EXERCISE GOAL -> From the first line to the last, please print the entries exactly, omitting pictures.

Saved entries:
-=-=-=-=-
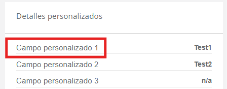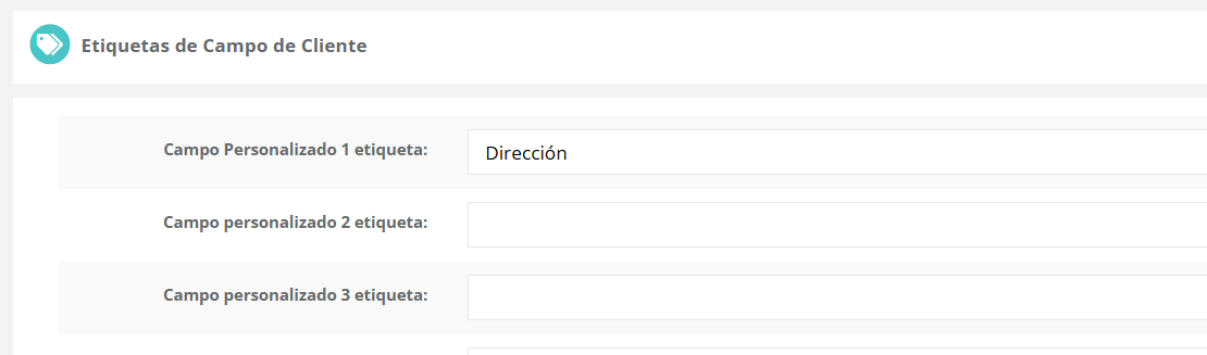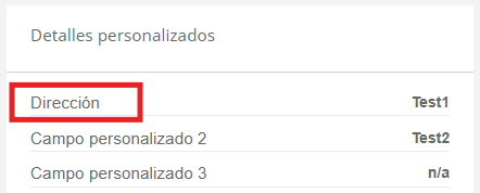 Es posible personalizar las etiquetas de los campos personalizados. Por ejemplo, si definimos "Dirección" en la etiqueta de campo personalizado 1, en lugar de mostrarse "Campo personalizado 1" se mostrará la etiqueta "Dirección" y a continuación el texto que usted haya definido en ese campo.
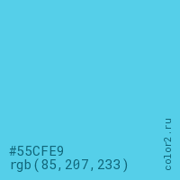 Цвет #55CFE9 в цветовой модели RGB обозначается тремя октетами (85, 207, 233) в десятичном формате и #55CFE9 в шестнадцатиричном (hex) формате, которые являются интенсивностью красного 85 (hex 55), интенсивность зелёного 207 (hex CF) и интенсивность синего 233 (hex E9).
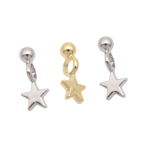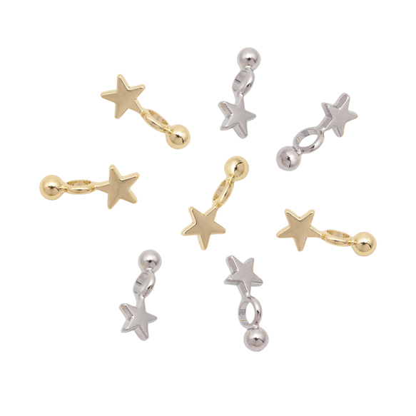 星チャーム スター 星 プレート 丸玉付き 宇宙チャーム メタルチャーム 約5×13mm(4ヶ)
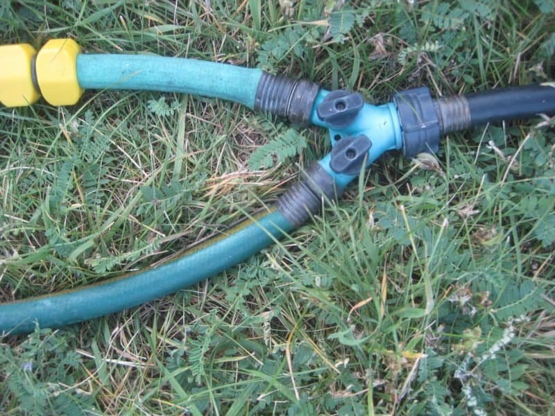 - A Short Extension Hose (ours is black, but this is a good one ) which attaches directly to the pump and then to your hoses leading to the sprinklers
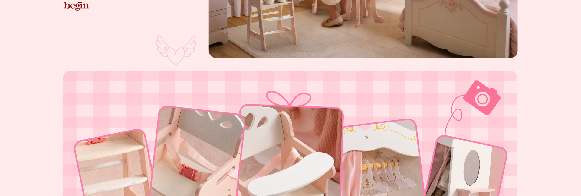 Dieses bezaubernde Rollenspielset enthält alles, was ein Prinzessinnen-Puppenhaus braucht: einen Prinzessinnen-Kleiderschrank, ein rosa Etagenbett, einen Hochstuhl und einen Prinzessinnen-Schminktisch! Perfekt zum Dekorieren eines Mädchenzimmers oder Puppenhauses. Die farbenfrohen Accessoires harmonieren wunderbar mit den zarten Rosatönen und lassen Kinder in eine Prinzessinnenwelt eintauchen. Ganz nebenbei wird auch der ästhetische Sinn gefördert.
-=-=-=-=-
YOUR RESPONSE ->
 Es posible personalizar las etiquetas de los campos personalizados. Por ejemplo, si definimos "Dirección" en la etiqueta de campo personalizado 1, en lugar de mostrarse "Campo personalizado 1" se mostrará la etiqueta "Dirección" y a continuación el texto que usted haya definido en ese campo.
 Цвет #55CFE9 в цветовой модели RGB обозначается тремя октетами (85, 207, 233) в десятичном формате и #55CFE9 в шестнадцатиричном (hex) формате, которые являются интенсивностью красного 85 (hex 55), интенсивность зелёного 207 (hex CF) и интенсивность синего 233 (hex E9).
 星チャーム スター 星 プレート 丸玉付き 宇宙チャーム メタルチャーム 約5×13mm(4ヶ)
 - A Short Extension Hose (ours is black, but this is a good one ) which attaches directly to the pump and then to your hoses leading to the sprinklers
 Dieses bezaubernde Rollenspielset enthält alles, was ein Prinzessinnen-Puppenhaus braucht: einen Prinzessinnen-Kleiderschrank, ein rosa Etagenbett, einen Hochstuhl und einen Prinzessinnen-Schminktisch! Perfekt zum Dekorieren eines Mädchenzimmers oder Puppenhauses. Die farbenfrohen Accessoires harmonieren wunderbar mit den zarten Rosatönen und lassen Kinder in eine Prinzessinnenwelt eintauchen. Ganz nebenbei wird auch der ästhetische Sinn gefördert.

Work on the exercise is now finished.